### [Supplied entries]
%%

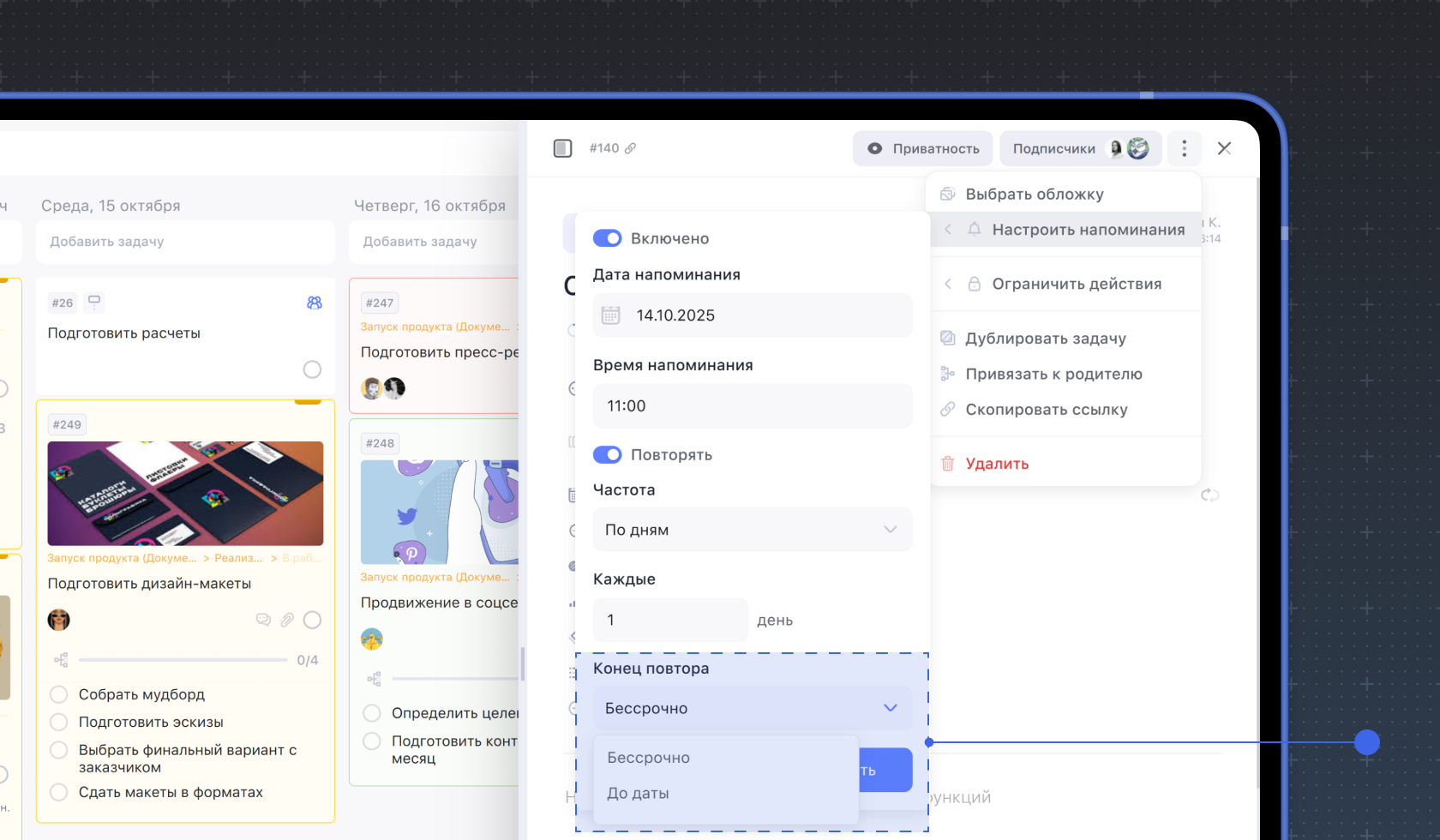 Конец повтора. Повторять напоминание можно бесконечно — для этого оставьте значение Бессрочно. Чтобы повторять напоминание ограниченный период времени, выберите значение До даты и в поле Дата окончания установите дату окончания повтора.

%%
%%

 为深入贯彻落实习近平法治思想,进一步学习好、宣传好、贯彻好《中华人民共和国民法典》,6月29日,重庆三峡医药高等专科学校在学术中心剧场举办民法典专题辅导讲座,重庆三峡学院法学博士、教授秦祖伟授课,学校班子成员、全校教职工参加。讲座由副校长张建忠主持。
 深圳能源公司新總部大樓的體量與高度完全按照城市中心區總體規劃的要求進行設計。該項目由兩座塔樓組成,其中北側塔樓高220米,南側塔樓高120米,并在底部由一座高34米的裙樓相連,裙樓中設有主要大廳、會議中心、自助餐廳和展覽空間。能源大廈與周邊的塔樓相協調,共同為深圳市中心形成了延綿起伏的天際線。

%%

### [What is being asked]
Here the output must be the lines above from the line with "为深入贯彻落实习近平法治思想" to the line with "深圳能源公司新總部大樓的體量", both included, duplicated word for word and nothing else.

### [Response]
 为深入贯彻落实习近平法治思想,进一步学习好、宣传好、贯彻好《中华人民共和国民法典》,6月29日,重庆三峡医药高等专科学校在学术中心剧场举办民法典专题辅导讲座,重庆三峡学院法学博士、教授秦祖伟授课,学校班子成员、全校教职工参加。讲座由副校长张建忠主持。
 深圳能源公司新總部大樓的體量與高度完全按照城市中心區總體規劃的要求進行設計。該項目由兩座塔樓組成,其中北側塔樓高220米,南側塔樓高120米,并在底部由一座高34米的裙樓相連,裙樓中設有主要大廳、會議中心、自助餐廳和展覽空間。能源大廈與周邊的塔樓相協調,共同為深圳市中心形成了延綿起伏的天際線。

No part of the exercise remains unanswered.